What's Happening Under the Hood?

When you call focus('tasks').as(list()):

  1. focus('tasks') creates a getter/setter pair for state.tasks
  2. .as(list()) wraps those with array-friendly methods
  3. Each method (push, remove, etc.) calls the setter with an Immer producer
  4. Storion detects the state change and notifies subscribers
ts
// Conceptually, tasks.push(item) becomes:
focus.setter(draft => {
  draft.push(item);  // Immer mutation - safe!
});
// Which triggers: state.tasks = produce(state.tasks, draft => draft.push(item))

List Helper Methods

The list() helper provides array-like methods:

MethodDescriptionNotes
get()Get entire arrayReturns T[], never undefined
at(index)Get item at indexReturns T | undefined
length()Get array length
isEmpty()Check if empty
first() / last()Get first/last itemReturns T | undefined
push(...items)Add to endVariadic - push multiple at once
unshift(...items)Add to beginning
pop() / shift()Remove from end/beginningReturns removed item
remove(...items)Remove by referenceUses strict equality
removeAt(index)Remove at index
removeWhere(predicate)Remove matching itemsRemoves ALL matches
insert(index, ...items)Insert at position
set(index, value)Set item (supports reducers)See below
clear()Remove all items
replace(items)Replace entire array
find(predicate)Find matching itemLike Array.find()
findIndex(predicate)Find matching indexLike Array.findIndex()
filter(predicate)Filter items (read-only)Returns new array, doesn't mutate
includes(item)Check if exists

The Power of set() - Three Ways to Update

The set() method is versatile - it accepts three different argument types:

ts
import { toggle, increment, decrement } from 'storion';

// ============================================================
// APPROACH 1: Direct Value
// ============================================================
// When: You have the complete new value ready
tasks.set(0, newTask);
// Pros: Simple, explicit
// Cons: Must construct entire object

// ============================================================
// APPROACH 2: Reducer Function (prev => newValue)
// ============================================================
// When: New value depends on old value, need full replacement
tasks.set(0, prev => ({
  ...prev,
  title: 'Updated',
  // Reducer returns NEW value - doesn't mutate
}));
// Pros: Access to previous value
// Cons: Must handle immutability manually with spread

// ============================================================
// APPROACH 3: Immer-Style Updater (draft => { mutate })
// ============================================================
// When: Need to mutate deeply nested properties
tasks.set(0, draft => {
  draft.done = true;
  draft.updatedAt = new Date();
  // Mutate the draft directly - Immer handles immutability!
});
// Pros: Natural mutation syntax, handles deep nesting
// Cons: Slightly more overhead (Immer proxy)

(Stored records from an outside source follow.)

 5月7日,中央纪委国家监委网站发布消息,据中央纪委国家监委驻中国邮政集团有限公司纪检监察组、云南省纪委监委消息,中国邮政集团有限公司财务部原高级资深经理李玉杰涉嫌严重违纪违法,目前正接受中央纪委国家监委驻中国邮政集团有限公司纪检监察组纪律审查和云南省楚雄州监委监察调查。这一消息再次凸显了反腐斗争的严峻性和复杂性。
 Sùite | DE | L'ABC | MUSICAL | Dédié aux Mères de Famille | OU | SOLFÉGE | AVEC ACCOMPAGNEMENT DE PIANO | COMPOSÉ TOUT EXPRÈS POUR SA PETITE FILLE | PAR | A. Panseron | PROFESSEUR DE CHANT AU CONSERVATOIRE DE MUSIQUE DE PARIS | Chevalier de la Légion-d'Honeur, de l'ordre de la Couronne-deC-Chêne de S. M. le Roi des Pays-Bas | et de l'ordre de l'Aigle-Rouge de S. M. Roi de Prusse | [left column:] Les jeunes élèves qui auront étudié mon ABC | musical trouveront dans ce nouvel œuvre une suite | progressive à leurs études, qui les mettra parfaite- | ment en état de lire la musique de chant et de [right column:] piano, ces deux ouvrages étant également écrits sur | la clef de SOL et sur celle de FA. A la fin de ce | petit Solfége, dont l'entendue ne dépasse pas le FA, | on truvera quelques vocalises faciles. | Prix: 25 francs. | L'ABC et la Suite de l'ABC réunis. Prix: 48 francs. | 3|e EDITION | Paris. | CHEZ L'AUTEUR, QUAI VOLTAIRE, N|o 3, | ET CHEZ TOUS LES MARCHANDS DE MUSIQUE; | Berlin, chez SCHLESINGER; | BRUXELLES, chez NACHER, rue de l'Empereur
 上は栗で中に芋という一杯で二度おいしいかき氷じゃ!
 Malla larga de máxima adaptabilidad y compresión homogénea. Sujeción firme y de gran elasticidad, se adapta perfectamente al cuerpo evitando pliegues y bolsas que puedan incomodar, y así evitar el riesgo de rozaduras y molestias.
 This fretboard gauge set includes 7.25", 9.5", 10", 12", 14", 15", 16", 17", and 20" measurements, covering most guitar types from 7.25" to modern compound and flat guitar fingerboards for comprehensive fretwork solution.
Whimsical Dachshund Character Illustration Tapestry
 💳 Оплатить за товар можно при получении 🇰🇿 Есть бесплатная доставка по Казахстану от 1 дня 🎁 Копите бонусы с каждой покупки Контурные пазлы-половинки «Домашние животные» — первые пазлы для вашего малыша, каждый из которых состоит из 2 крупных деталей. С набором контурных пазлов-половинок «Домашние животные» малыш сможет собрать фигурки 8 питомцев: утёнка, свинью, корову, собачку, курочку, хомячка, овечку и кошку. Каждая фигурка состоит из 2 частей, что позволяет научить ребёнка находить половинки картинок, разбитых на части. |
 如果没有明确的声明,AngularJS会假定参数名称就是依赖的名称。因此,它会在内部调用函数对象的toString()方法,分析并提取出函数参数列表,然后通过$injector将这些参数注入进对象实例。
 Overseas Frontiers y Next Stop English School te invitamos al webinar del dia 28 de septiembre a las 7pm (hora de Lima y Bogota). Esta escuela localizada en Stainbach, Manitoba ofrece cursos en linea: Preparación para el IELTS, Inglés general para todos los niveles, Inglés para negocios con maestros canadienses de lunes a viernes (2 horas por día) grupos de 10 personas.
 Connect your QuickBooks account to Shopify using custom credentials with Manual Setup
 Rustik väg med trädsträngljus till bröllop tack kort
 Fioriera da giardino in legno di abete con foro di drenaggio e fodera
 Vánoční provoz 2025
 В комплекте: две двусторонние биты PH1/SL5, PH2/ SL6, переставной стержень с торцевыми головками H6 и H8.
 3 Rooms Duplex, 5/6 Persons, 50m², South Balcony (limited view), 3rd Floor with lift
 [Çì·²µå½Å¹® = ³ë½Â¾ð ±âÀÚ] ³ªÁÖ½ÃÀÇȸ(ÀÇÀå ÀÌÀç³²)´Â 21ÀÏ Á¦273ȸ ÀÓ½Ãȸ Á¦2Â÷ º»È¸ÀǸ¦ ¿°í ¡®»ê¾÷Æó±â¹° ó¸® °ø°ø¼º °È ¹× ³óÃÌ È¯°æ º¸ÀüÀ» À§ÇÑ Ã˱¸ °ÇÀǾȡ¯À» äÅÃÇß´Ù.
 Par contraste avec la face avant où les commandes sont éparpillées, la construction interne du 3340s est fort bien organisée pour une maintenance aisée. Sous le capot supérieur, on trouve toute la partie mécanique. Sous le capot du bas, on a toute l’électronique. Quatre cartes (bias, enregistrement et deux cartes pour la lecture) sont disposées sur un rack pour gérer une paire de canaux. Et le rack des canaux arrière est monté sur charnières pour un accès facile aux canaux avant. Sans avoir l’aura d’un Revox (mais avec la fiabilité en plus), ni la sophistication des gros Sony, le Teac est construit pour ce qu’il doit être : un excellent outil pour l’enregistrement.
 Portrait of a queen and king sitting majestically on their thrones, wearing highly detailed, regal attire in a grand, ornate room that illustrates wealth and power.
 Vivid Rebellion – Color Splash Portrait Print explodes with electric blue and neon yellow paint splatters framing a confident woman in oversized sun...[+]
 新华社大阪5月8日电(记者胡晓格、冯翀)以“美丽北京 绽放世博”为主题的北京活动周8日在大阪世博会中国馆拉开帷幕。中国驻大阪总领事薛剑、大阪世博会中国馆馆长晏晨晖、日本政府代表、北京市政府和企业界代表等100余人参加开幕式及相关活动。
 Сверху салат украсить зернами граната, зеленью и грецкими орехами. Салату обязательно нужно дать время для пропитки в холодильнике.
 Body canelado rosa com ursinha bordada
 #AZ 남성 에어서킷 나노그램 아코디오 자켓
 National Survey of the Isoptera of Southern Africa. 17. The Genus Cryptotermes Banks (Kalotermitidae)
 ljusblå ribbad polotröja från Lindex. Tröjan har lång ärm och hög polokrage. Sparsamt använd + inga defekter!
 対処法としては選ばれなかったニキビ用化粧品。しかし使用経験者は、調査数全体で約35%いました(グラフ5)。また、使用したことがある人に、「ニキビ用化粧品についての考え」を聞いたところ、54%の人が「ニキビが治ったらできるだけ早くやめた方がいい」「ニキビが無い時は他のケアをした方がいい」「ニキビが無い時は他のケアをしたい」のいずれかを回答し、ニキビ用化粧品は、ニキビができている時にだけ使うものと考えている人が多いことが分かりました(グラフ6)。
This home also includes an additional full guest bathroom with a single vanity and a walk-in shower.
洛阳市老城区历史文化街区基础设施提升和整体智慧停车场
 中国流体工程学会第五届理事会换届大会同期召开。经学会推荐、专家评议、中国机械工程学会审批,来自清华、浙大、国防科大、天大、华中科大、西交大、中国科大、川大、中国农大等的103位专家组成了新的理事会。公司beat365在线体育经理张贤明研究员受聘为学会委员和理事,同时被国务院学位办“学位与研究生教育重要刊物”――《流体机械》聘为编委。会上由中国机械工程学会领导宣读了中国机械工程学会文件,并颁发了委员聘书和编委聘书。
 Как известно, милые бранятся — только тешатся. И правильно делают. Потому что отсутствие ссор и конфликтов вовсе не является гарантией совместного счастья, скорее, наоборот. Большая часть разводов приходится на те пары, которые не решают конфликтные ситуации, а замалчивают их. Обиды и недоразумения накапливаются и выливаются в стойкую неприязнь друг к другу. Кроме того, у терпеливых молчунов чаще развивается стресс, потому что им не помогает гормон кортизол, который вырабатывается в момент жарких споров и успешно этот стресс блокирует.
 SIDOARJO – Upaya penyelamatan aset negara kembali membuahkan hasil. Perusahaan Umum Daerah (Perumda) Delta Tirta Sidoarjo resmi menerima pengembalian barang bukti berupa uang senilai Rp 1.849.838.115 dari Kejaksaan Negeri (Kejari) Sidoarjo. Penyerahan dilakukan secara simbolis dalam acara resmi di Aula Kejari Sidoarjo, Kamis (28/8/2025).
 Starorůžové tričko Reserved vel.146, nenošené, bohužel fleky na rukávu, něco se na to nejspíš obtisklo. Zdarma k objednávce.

// ============================================================
// APPROACH 4: Built-in Reducers
// ============================================================
// When: Common operations on primitive values
// Note: These work when T is boolean/number
priorities.set(0, toggle());      // Flip boolean
counts.set(0, increment());       // +1
counts.set(0, decrement());       // -1
counts.set(0, increment(5));      // +5

How does Storion know which approach you're using?
It checks if your function returns undefined. Immer updaters return nothing (mutate in place), while reducers return the new value.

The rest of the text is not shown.